- THE TASK:
Print every line from the start of the data, and when you reach the line with "프로필렌 가격은 7월", include it and stop. Pictures are not part of the copy.

- STORED DATA:

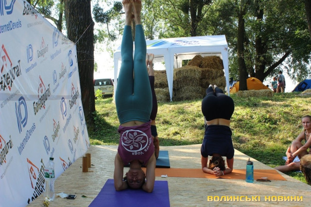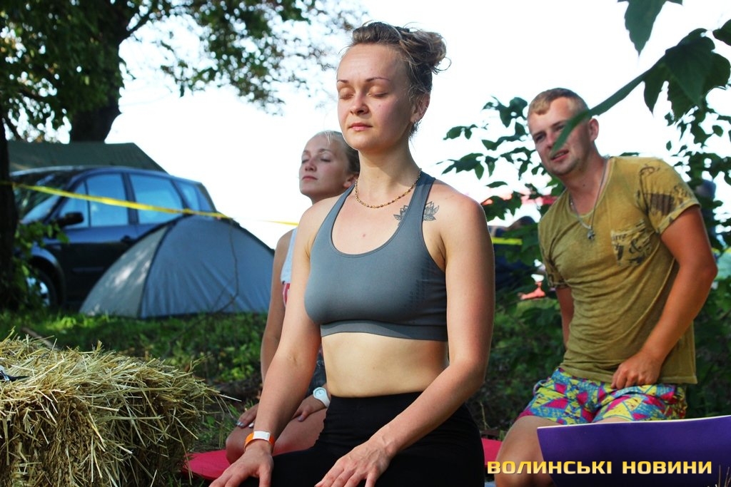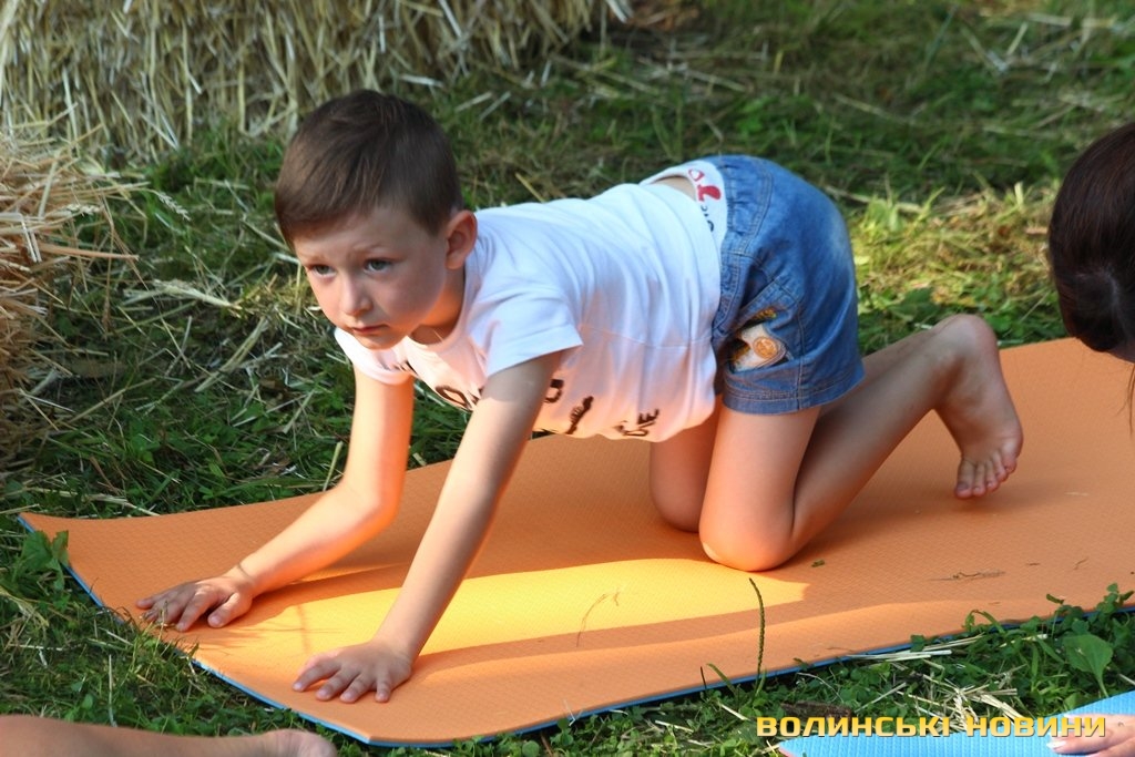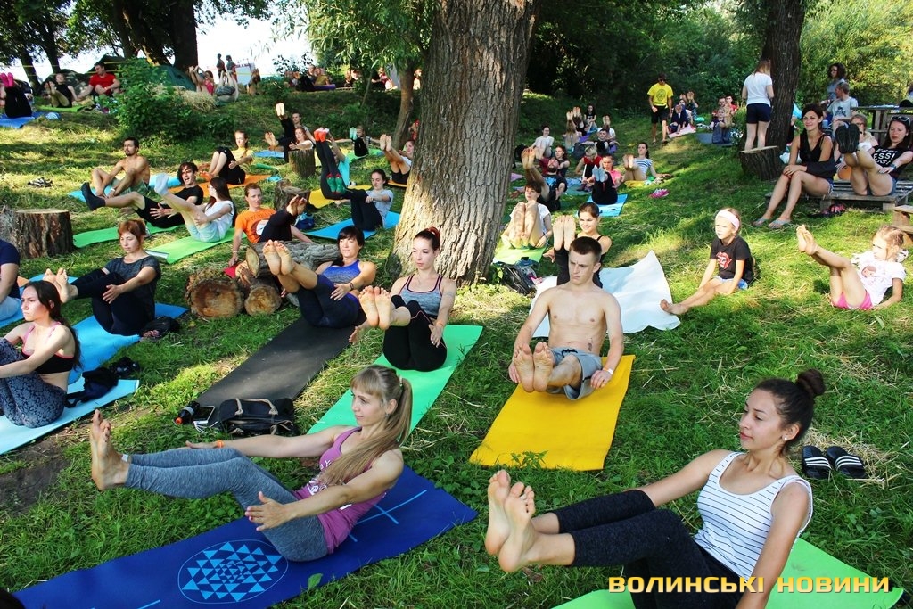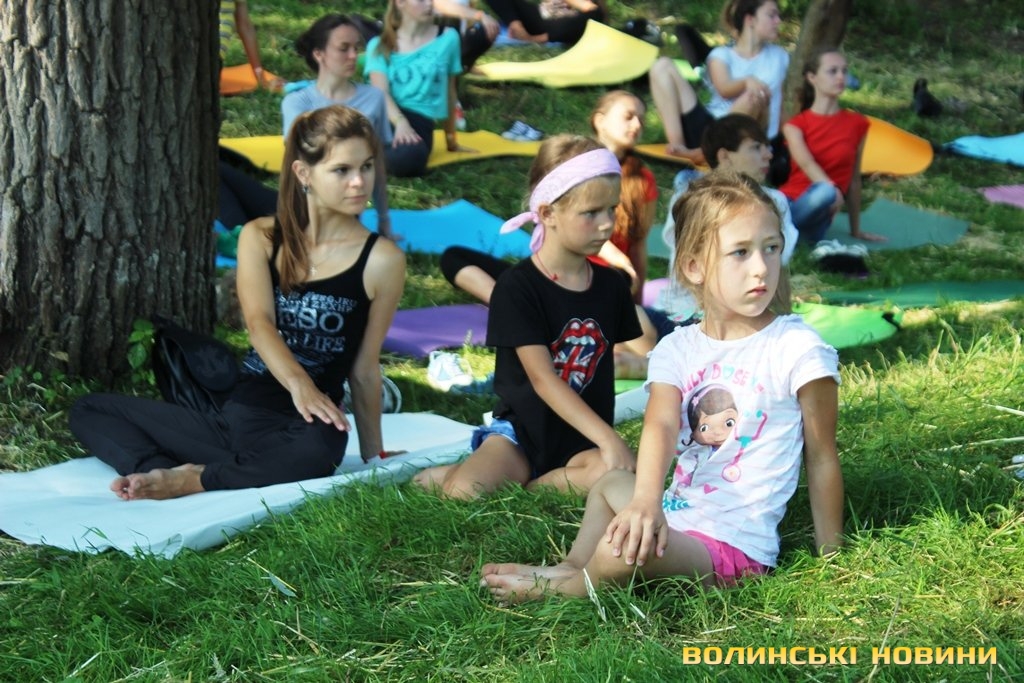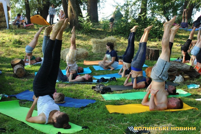На початку заняття сертифікований інструктор з йоги в Луцьку Христина Губська допомогла усім розслабитися та абстрагуватися від різних думок. Ну а далі всі гуртом перейшли до вправ.
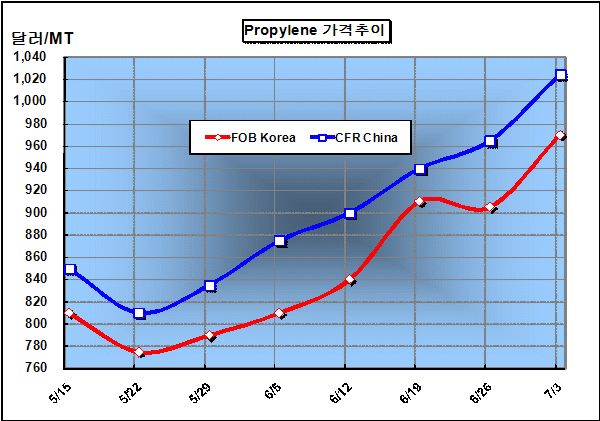 프로필렌 가격은 7월 첫째 주에 FOB Korea 톤당 970달러로 70달러 폭등했다.
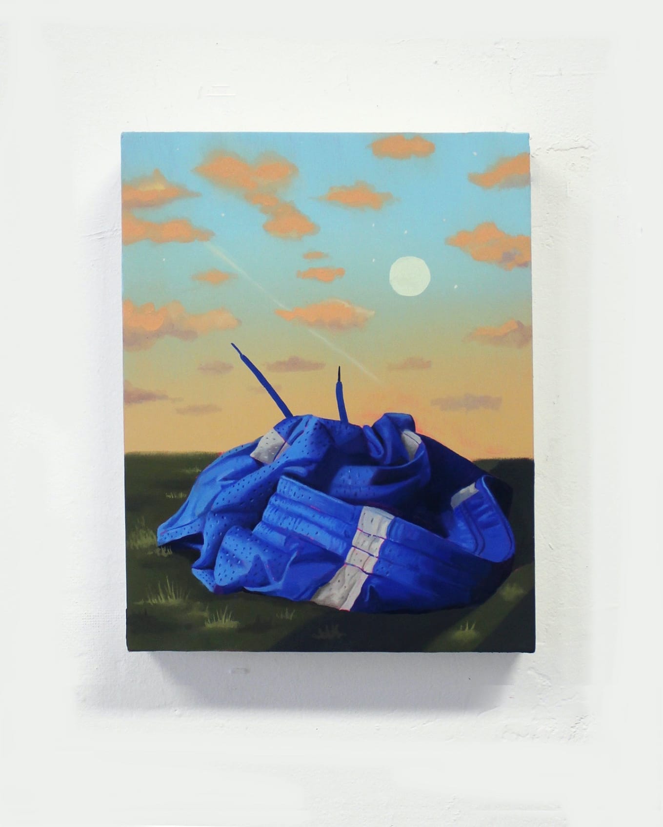 I see Danny’s painting when I wake up each morning. It hangs directly in my line of sight when I open my eyes, but maybe now it feels different. Now the shorts have become a stand-in for me, or for us — alone, discarded, exposed — but it remains such a beautiful scene. If I have to be discarded, let it be in the beautiful green space of this painting. I notice the sky more now than I used to — that last light fading, the slippage of time caught for a moment and forever.
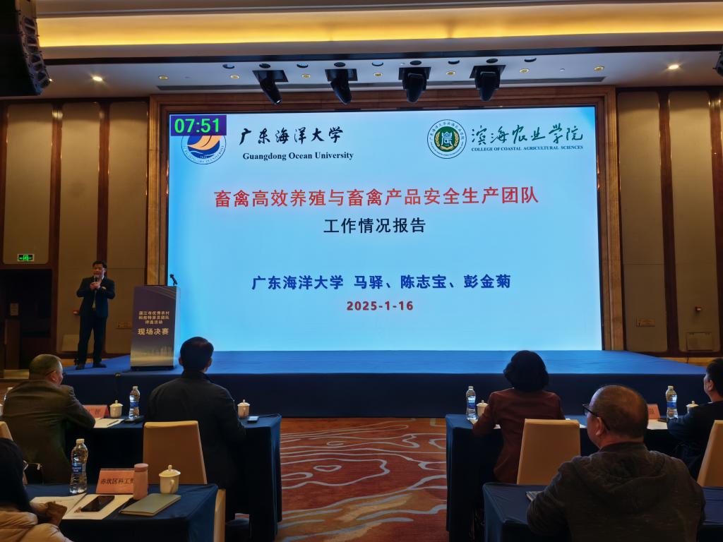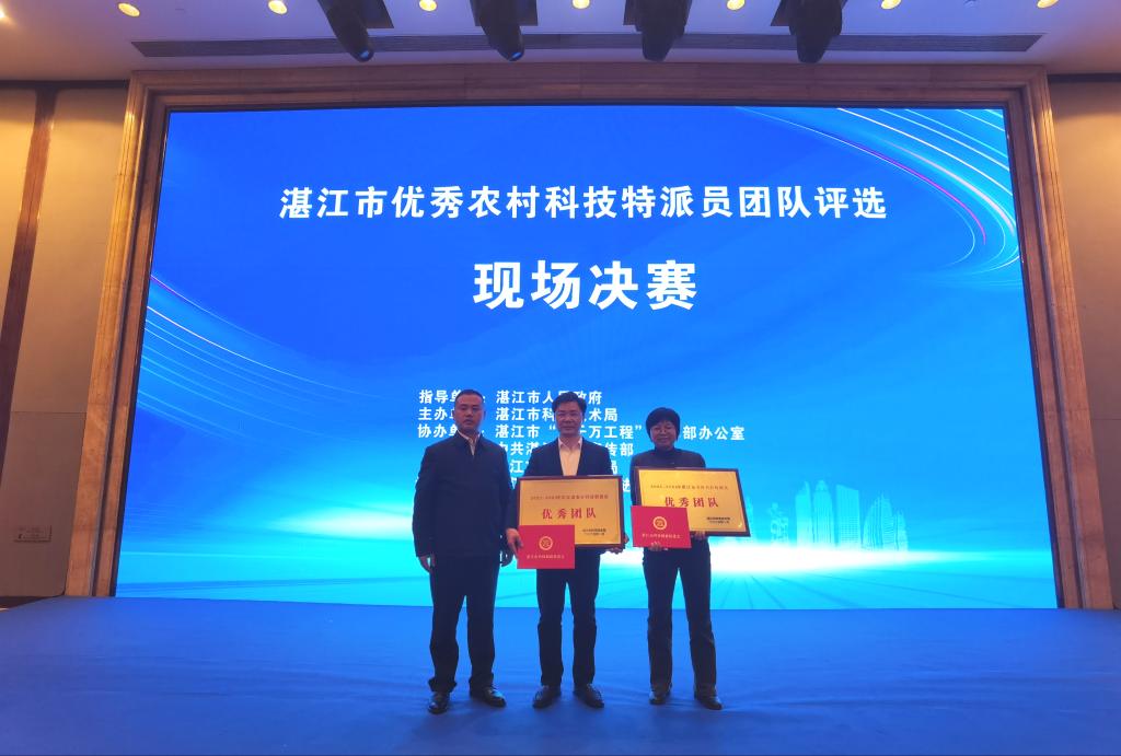 1月16日,湛江市优秀农村科技特派员团队评选活动决赛在湛江民大喜来登酒店举行,欧冠滨海农业学院两个团队荣获“2021-2024年湛江市优秀农村科技特派员团队”称号。湛江市人民政府副秘书长刘志红、湛江市科学技术局局长江强等领导出席,专家组、参赛单位代表、新一轮百千万工程科技特派员团队负责人及成员约200人参加活动。

- ANSWER SPACE:
На початку заняття сертифікований інструктор з йоги в Луцьку Христина Губська допомогла усім розслабитися та абстрагуватися від різних думок. Ну а далі всі гуртом перейшли до вправ.
 프로필렌 가격은 7월 첫째 주에 FOB Korea 톤당 970달러로 70달러 폭등했다.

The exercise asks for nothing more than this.